Little is known of the Nay family conversion to The Church of Jesus Christ of Latter-day Saints in New Hampshire.  Records show that John was baptized in May 1843.  Matilda Ellen was baptized in 1849.  The family left New Hampshire to join the saints in Nauvoo, Illinois sometime between May 1845 and November 1845.  They were driven from Nauvoo, stopping at Harris Grove, Iowa in 1847 and then to Winter Quarters.  They remained there until coming west, arriving in Salt Lake City October 12, 1852.

The incoming saints were generally assigned as to where they should settle.  Both the Dayton and the Nay Families were assigned to Cedar Fort in Cedar Valley west of Lehi, Utah.  This is what brought Lysander and Matilda Ellen together.

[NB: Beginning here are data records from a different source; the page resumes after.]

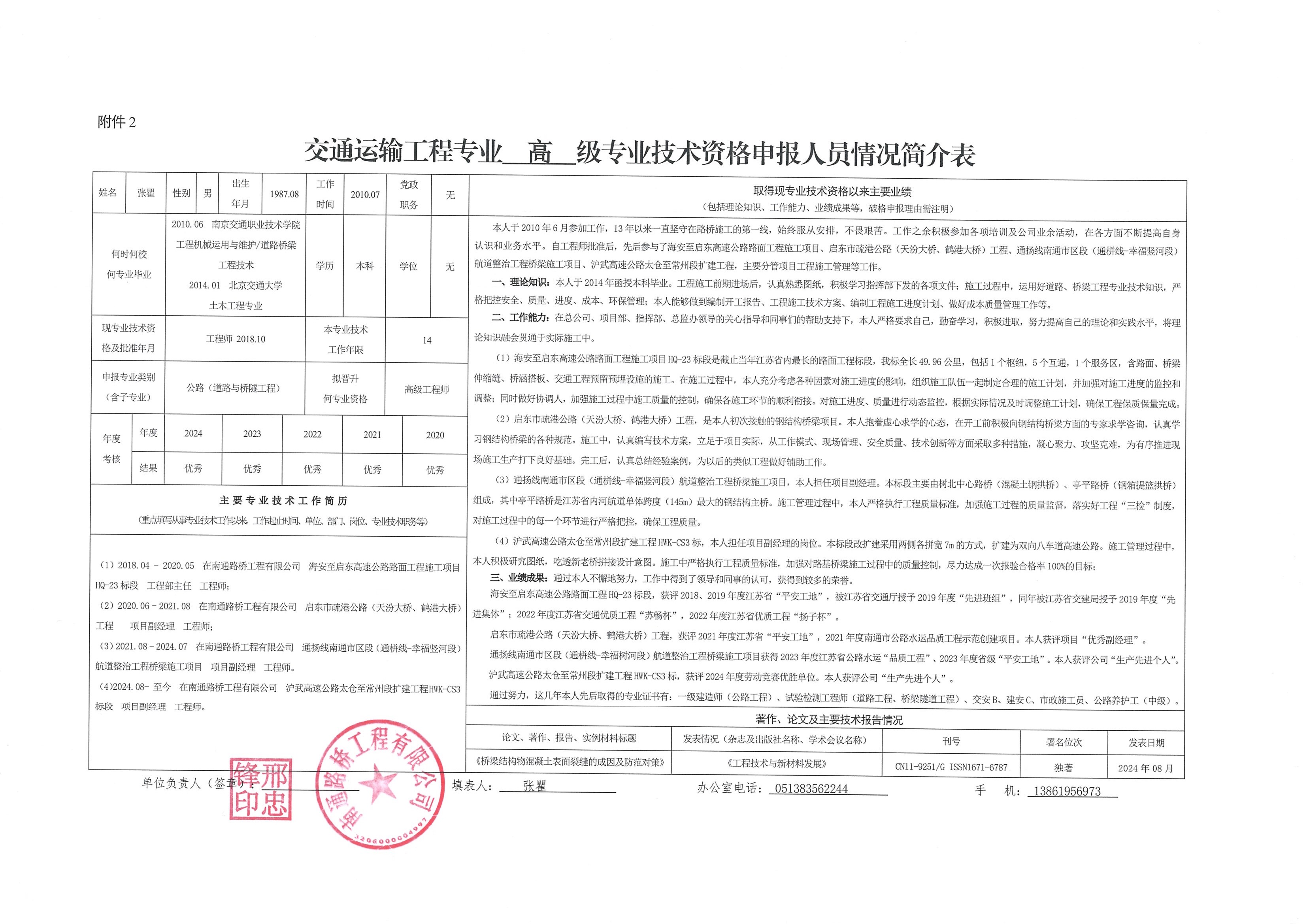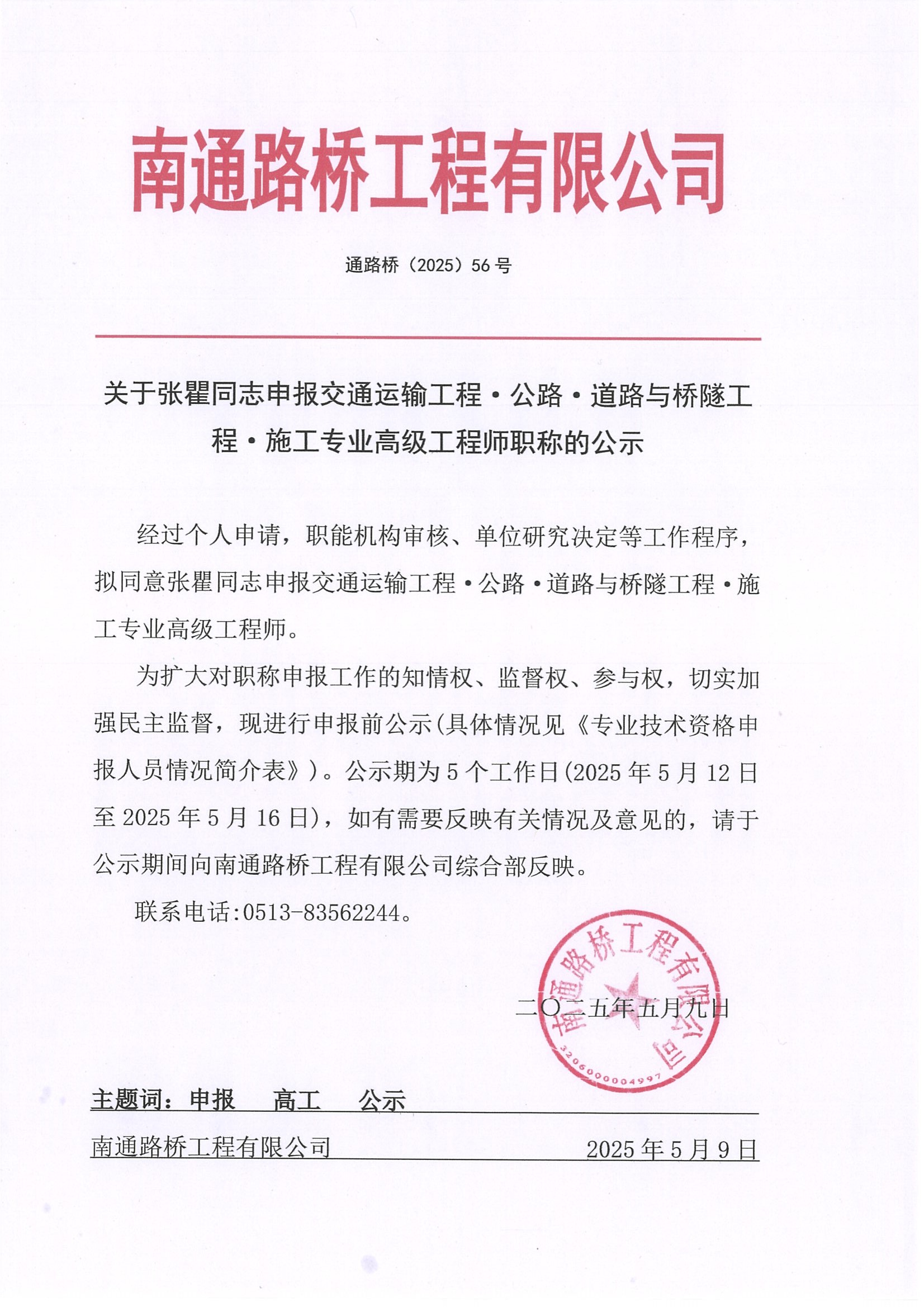 关于张瞿同志申报交通运输工程·公路·道路与桥隧工程·施工专业高级工程师职称的公示
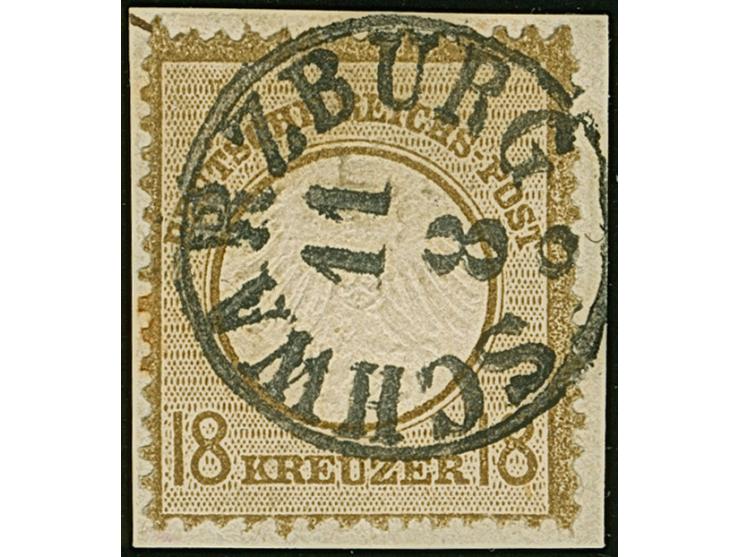 18 Kr. ockerbraun, farbfrisch in dunklerer Nuance mit sehr klarem Taxis-EKr. “SCHWARZBURG 11.8.” auf Briefstück, Die Marke ist deutlich geprägt, üblich gezähnt und in tadelloser Erhaltung. Ein außerordentlich schön gestempeltes Exemplar mit auf dieser hohen Wertstufe seltener Entwertung. ProFi hat nur drei weitere Einzelmarken und einen Viererblock der 18 Kreuzer-Wertstufe mit diesem Stempel registriert, sign. TS und FA.RF. Engel sowie Fotoattest Krug BPP (2011
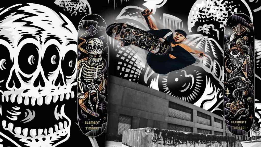 We take a look at the recent collaboration between renowned artist Timber and legendary skateboard brand Element.
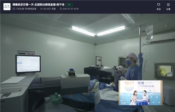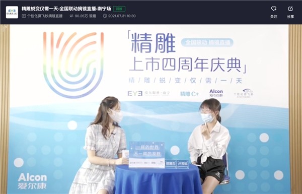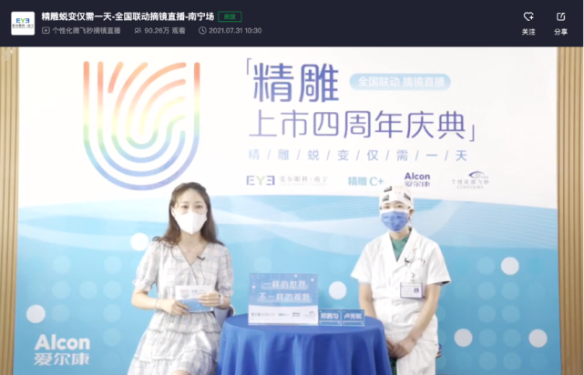 直播邀请到了南宁爱尔眼科医院屈光专科郑茜匀主任为网友们做线上科普分享。除了满满满的干货知识以外,郑主任也现场为大家带来了精雕C+摘镜的全程直播,通过全方位揭秘摘镜手术的全过程,展现了南宁爱尔眼科医院先进的现代化设备、医生精湛的医疗技术水平。整场直播持续约1小时,共计收获90.26万播放量。

Nothing is known of the courtship between Lysander Dayton and Matilda Ellen.  They were married December 2, 1855 in Cedar Fort, Utah.  Lysander was 14 years her senior.  She was endowed November 9, 1861.  To this union were born nine children.  Descendants of Mathilda Ellen Nay:

Lysander Augustus Dayton
Born: 1856 at Cedar Fort, Utah, Utah
Died: 1936

Ellen Matilda Dayton
Born: 1859 at Cedar Fort, Utah, Utah
Died 1938 at Oakland, California

Charles Henry Dayton
Born: 1861 at American Fork, Utah, Utah
Died 1928 at Wilford, Idaho

Permelia Dayton
Born: 1863 at St. George, Washington, Utah
Died 1863 at St. George, Washington, Utah

Arthur Eugenia Dayton
Born: 1864 at St. George, Washington, Utah
Died 1865

Ida Eugenia Dayton
Born: 1866 at Cedar Fort, Utah, Utah
Died 1928 at Wilford, Fremont, Idaho

Florinda Dayton
Born: 1869 at Cedar Fort, Utah, Utah
Died 1925

Don Carlos Dayton
Born: 1873 at Cedar Fort, Utah, Utah
Died 1904 at Twin Groves, Fremont, Idaho

Laura Angelina Dayton
Born: 1878 at Cedar Fort, Utah, Utah
Died  14 May 1901 at St. Anthony, Idaho:

A Daughters of the Utah Pioneers publication (not now available) mentions Matilda Ellen Dayton acting as a midwife, a service commonly given by pioneer women.  Her daily life again mirrored that of her pioneer sisters in the care of their families, compassionate and church service and the unrelenting challenge of daily living.